No churn, o efeito é o custo de troca. Um cliente que tem internet, TV, DNS com controle parental e uma câmera ligada não decide cancelar por um panfleto do concorrente — ele teria que reconstruir tudo. Vale lembrar que retenção também depende de suporte: gerência remota de CPE via TR-069 (o protocolo CWMP) por um ACS permite resolver Wi-Fi, reiniciar o aparelho e medir velocidade sem visita técnica, inclusive com o cliente atrás de CGNAT, já que a sessão TR-069 parte do próprio CPE para o ACS e não exige IP público no assinante. Menos visita e resolução mais rápida sustentam a experiência que faz o SVA valer a pena.
- Ticket médio: soma de recorrências com margem alta sobre infra já existente
- Churn: mais serviços = maior custo de troca percebido
- Suporte remoto (TR-069/ACS) mantém a qualidade que segura o combo
Panorama comercial: como empacotar e precificar
Não existe fórmula única, mas três formatos costumam funcionar: SVA avulso (o cliente escolhe o que quer), combos (internet + TV + segurança com preço de pacote) e upgrades por degraus (mais câmeras, mais canais, mais dias de gravação). O combo é o que mais protege contra a guerra de preço, porque esconde o valor do link dentro de uma oferta maior.
Do lado operacional, o segredo é reduzir atrito na contratação e na cobrança. Assinatura eletrônica de contrato com validade jurídica — amparada pela MP 2.200-2/2001 e pela Lei 14.063/2020 (assinatura eletrônica avançada) — permite ativar o serviço direto, sem papel. E a cobrança única no ERP mantém a fatura simples. Provedores que usam o IXC como ERP conseguem integrar essas frentes ao fluxo que já existe, aproveitando a base de clientes sem migrar de sistema.
Perguntas frequentes
SVA funciona com cliente atrás de CGNAT?
Sim. Serviços como DNS gerenciado e streaming não dependem de IP público no assinante. E a gerência remota do aparelho via TR-069 (protocolo CWMP), feita por um ACS, também funciona atrás de CGNAT porque a sessão parte do CPE em direção ao ACS — não é o ACS que precisa alcançar o cliente.

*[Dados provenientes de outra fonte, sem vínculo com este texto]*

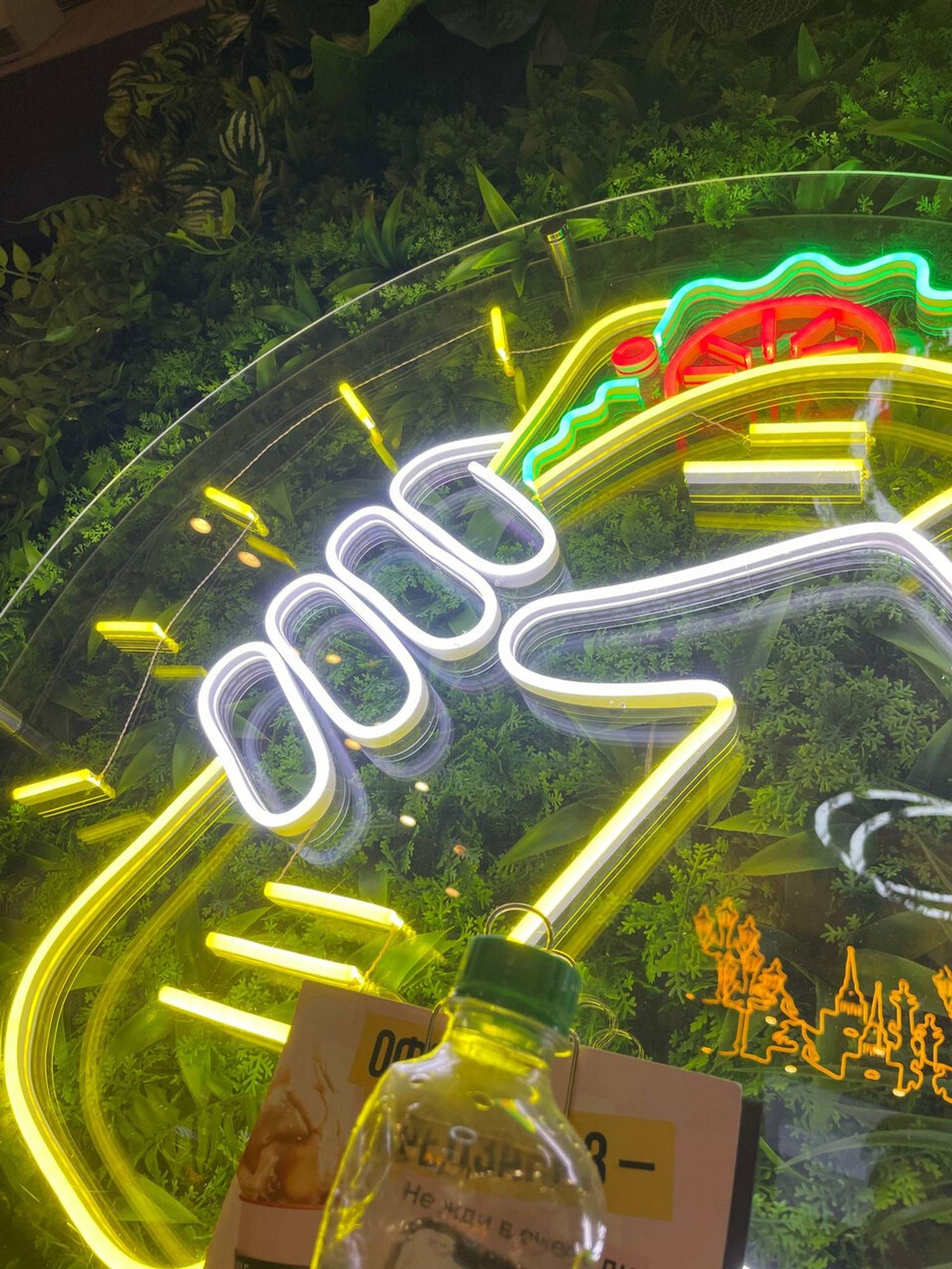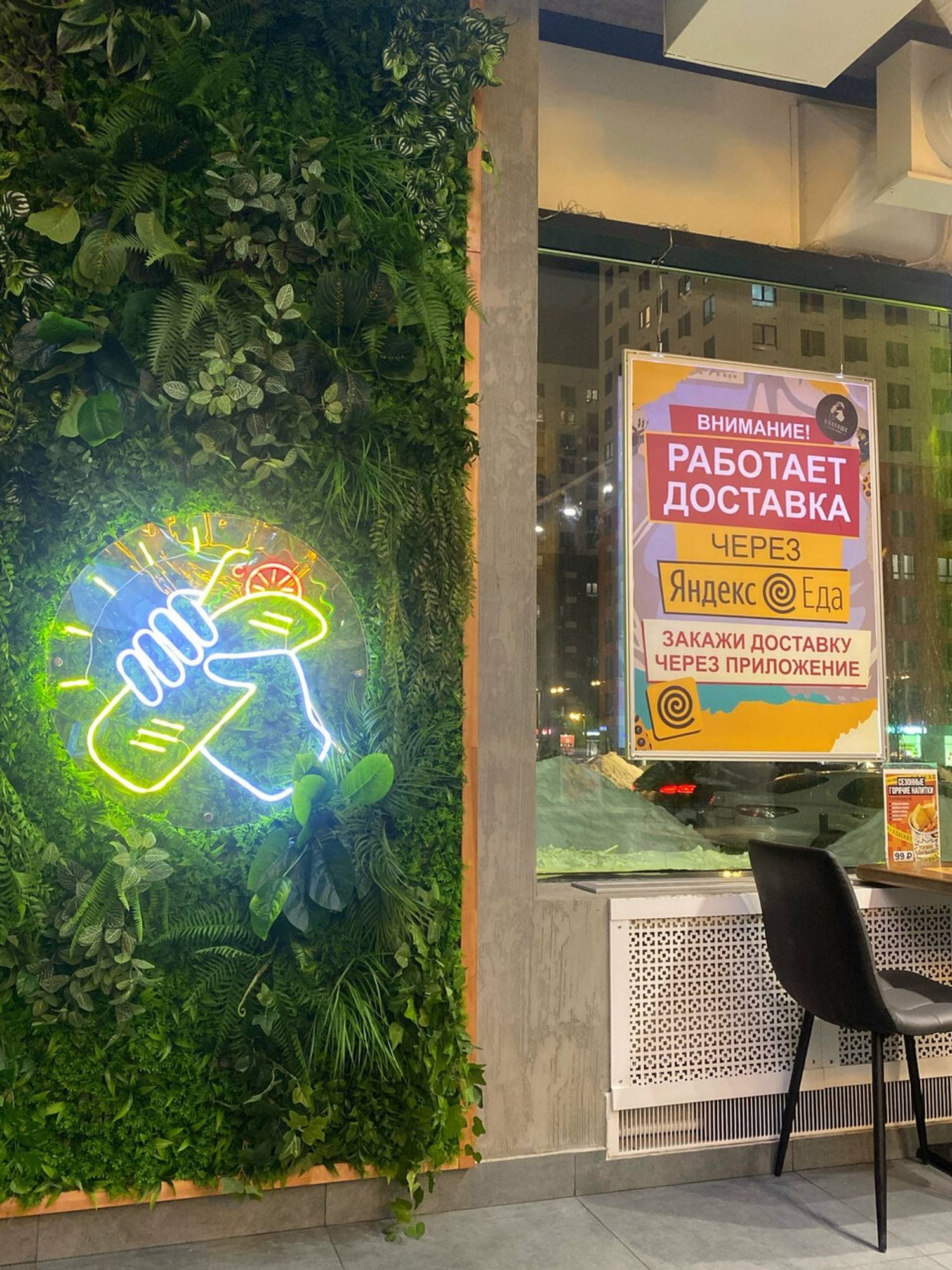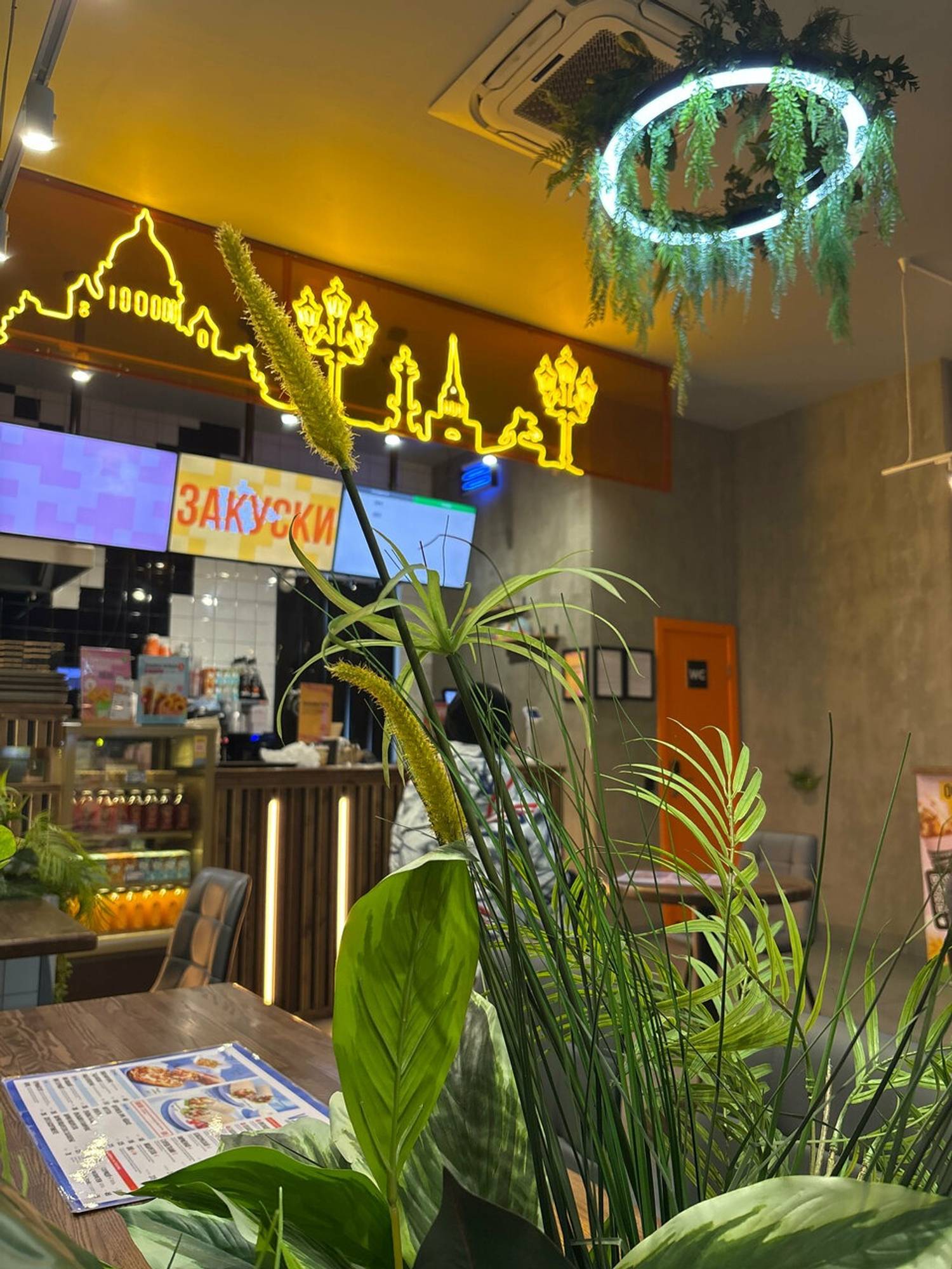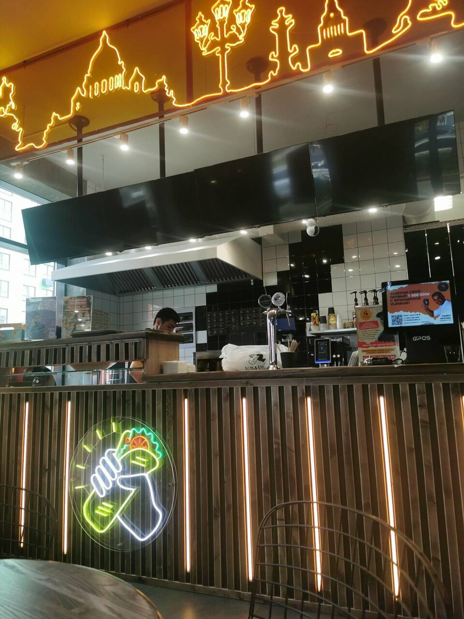 Атмосфера. Интерьер сочетает современные акценты и натуральные материалы: деревянная стойка с мягкой подсветкой и неоновая вывеска с фирменным символом шавермы. Темные деревянные столы добавляют строгости и уюта одновременно.

Bloquear sites pelo DNS é legal?
O bloqueio obrigatório é aquele que cumpre ordens judiciais e determinações da Anatel, dentro do Marco Civil da Internet — e o DNS gerenciado centraliza isso. Já o filtro opcional (ex.: controle parental) é ativado pelo próprio cliente. Em qualquer caso que envolva dados de navegação, a operação deve seguir a LGPD.
Preciso trocar de ERP para vender SVA?
Não. As frentes de SVA se integram ao fluxo que você já tem. O Integrador, por exemplo, integra com o IXC, ERP líder no mercado ISP, aproveitando a base de clientes e a cobrança existentes.
Qual SVA retém mais o cliente?
CFTV/câmeras costuma ter o maior efeito de retenção, porque migrar o sistema é trabalhoso. Combos que juntam internet, TV e segurança amplificam esse efeito, elevando o custo de troca percebido e reduzindo o churn.